Health care for children is different from care for adults. Treating kids requires doctors who are experienced with their unique needs, and according to Stanford pediatricians Paul Wise and Lisa Chamberlain, this experience is developed and lives in children’s hospitals.

And these facilities are highly dependent on Medicaid.

“Children are the poorest segment of the United States population,” said Wise, a Stanford Health Policy core faculty member.

Nearly one out of every five children lives below the poverty line, according to the United States Census Bureau.
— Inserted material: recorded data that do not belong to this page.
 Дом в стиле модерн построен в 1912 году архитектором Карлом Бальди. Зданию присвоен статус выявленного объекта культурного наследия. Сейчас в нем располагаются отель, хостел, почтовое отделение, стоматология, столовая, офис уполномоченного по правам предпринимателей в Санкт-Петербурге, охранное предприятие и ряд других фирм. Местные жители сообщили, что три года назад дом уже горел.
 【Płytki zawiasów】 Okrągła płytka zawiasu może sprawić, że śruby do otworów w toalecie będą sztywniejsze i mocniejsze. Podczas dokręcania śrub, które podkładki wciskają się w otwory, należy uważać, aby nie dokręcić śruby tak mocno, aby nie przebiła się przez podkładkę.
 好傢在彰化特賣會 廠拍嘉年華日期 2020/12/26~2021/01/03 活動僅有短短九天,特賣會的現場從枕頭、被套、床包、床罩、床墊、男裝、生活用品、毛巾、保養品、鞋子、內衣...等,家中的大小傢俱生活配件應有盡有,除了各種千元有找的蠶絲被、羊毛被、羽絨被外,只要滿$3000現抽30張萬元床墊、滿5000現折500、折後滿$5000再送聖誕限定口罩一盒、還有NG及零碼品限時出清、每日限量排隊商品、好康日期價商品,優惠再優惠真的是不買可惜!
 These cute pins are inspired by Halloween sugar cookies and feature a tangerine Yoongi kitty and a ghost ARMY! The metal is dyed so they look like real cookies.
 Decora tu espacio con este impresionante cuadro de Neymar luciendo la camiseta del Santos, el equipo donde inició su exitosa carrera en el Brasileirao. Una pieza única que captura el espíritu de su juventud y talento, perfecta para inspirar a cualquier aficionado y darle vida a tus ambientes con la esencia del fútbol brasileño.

Very few children need extensive health care, but of those that do, about 44 percent rely on Medicaid or other public insurance programs.
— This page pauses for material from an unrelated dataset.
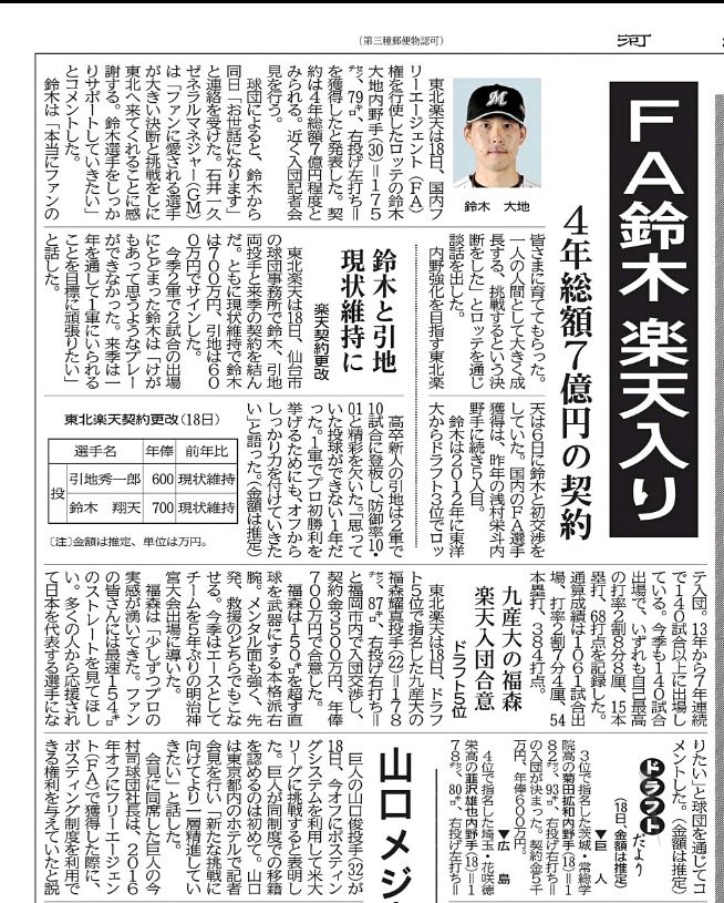 FA三大絶許案件「新井さん」「浅村栄斗」「鈴木大地」 2020年05月07日 カテゴリ:ドラフト・トレード・FA・ポス3大○○ 1: 風吹けば名無し 20/05/05(火)23:32:37 ID:hm8 あと一つは? 【FA三大絶許案件「新井さん」「浅村栄斗」「鈴木大地」】の続きを読む タグ :#FA移籍#新井貴浩#浅村栄斗#鈴木大地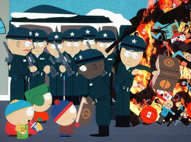 N’en déplaise à ses détracteurs, South Park, le film est aussi la preuve que l’irrévérence peut être un Art, et que le mauvais goût, quand il est bien dosé, peut devenir une arme de critique massive. Remettons un peu le film dans son contexte de production : sorti en 1999, il s’inscrit dans une époque où l’animation pour adultes commence peu à peu à sortir de sa niche. Mais là où la plupart de ses contemporains jouent encore la carte du malaise ou de la satire molle, South Park, le film fonce dans le tas, cherchant à choquer, à provoquer, à faire rire jaune. Et il y arrive, avec une efficacité redoutable. La structure narrative du film repose sur un schéma classique : des enfants découvrent un film interdit, deviennent vulgaires, et déclenchent une guerre entre les États-Unis et le Canada. Et ça a beau être con, on ne peut pas louper la parabole sur la censure, sur l’hypocrisie parentale, et sur la peur de l’influence culturelle.

Because so many of their patients use Medicaid, these children’s hospitals need reimbursements from the program to support their services. Without this income, some might have to downsize or even shut down, and if they do, services would suffer for all children.

“If you want to kill rich kids, cut Medicaid,” said Wise. “If you’re a rich kid with a serious chronic problem, you’re going to want facilities that provide high-quality care. Those facilities are intensely dependent on Medicaid.”

If the American Health Care Act (the Republican replacement for Obamacare) passes Congress, Medicaid will convert to a per capita cap system. Instead of providing coverage to all who meet its criteria — which is primarily based on income and need — the federal government would cap how much money the federal government could provide each person.

Wise and Chamberlain worry that a set amount allocated for states or individuals would not be able to keep up with health industry inflation, causing payments to effectively decrease over time. They are also concerned that children would be particularly affected by these changes because their medical needs are so different from adults’.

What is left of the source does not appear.